Гонка коротко усмехнулся.

Оба отряда быстро свернули лагерь и выступили в поход под прикрытием пятидесяти онейда и могауков. Шли медленно, отчасти из-за необходимости соблюдать тишину, отчасти из-за того, что приходилось нести тяжелые плоты.

Заключительный этап был пройден безо всяких происшествий, и поздно вечером разведчики онейда доложили, что отряд подошел вплотную к реке.

Гонка, Сун-ай-йи, Пепперелл, Уилсон и Ренно притаились за деревьями, чтобы их не могли заметить с северного берега.

Туман постепенно сгущался над рекой, и вскоре Квебек почти исчез в дымке. Уильям Пепперелл тихо, но искренне принес извинения Гонке. Сосредоточив все внимание на дальнем берегу, великий сахем кивнул. Охваченный благоговением, Ренно тоже вгляделся в туман над водой. Он никогда не предполагал о существовании такого места.

Над всей округой возвышалась скала высотой более трехсот футов, известная под названием Бриллиантовый плащ. На ее вершине стояла Цитадель — свидетельство гения и тяжкого труда французских строителей. Сооруженный почти на краю обрыва, форт был окружен частоколом из заостренных на концах бревен, каждое из которых казалось больше тридцати футов в высоту.

Ясно было, что перебраться через такой частокол невозможно. С внутренней стороны, недалеко от верхнего края, находились смотровые вышки, и Ренно видел разгуливающих туда и обратно часовых.

С одной стороны, там, где в реку Святого Лаврентия впадала крошечная река Святого Карла, склон был более пологим. Там стояли дома, церкви и другие строения. Часть зданий сгрудилась внизу, а другие были построены на плато, поднимающемся к самой Цитадели. Квебек, по сути, состоял из двух частей, и верхняя была практически неприступна.

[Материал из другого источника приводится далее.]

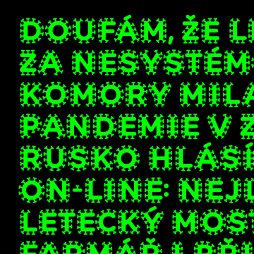 Uvádíme Arial dneška. Jmenuje se jednoduše COVID a jeho první, hodně zasažený řez Infected je k dispozici zdarma k všestrannému nasazení. První mu podlehly naše vlastní stránky. Zajímá nás, kam se rozšíří. Představujeme si ho na vývěskách o mytí rukou, na románech napsaných v karanténě, referátech o netopýrech na Zoomu nebo infografikách o počtu vyléčených. A zejména na oznámení ukončení pandemie a návratu života všude tam, kam patří. Další řezy budou následovat.

Пока нападающие изучали свою цель, туман сгущался все больше. Темнота затрудняла обзор, и только Ренно, с его удивительным зрением, мог различить детали.

— Отыщи два пути, — сказал ему Гонка. — Один для ирокезов, в обход города, другой для англичан перед ним.

Углубившись в решение задачи, Ренно заметил две улицы, одну уходившую вглубь, и другую, шедшую вдоль берега, где стояло на якоре несколько военных судов. Молодой воин издали рассматривал улицы, стараясь запомнить каждую мелочь.

— На ближней тропе вижу ворота, которые открываются в стене великого длинного дома, — сказал он на языке сенеков. Ренно настолько погрузился в свое занятие, что не мог отвлекаться ради перевода на английский. — Но я не вижу, есть ли ворота на другой тропе.

Гонка пожал плечами:

— Если там есть ворота, мы найдем их. Если нет, то сенеки сделают их сами.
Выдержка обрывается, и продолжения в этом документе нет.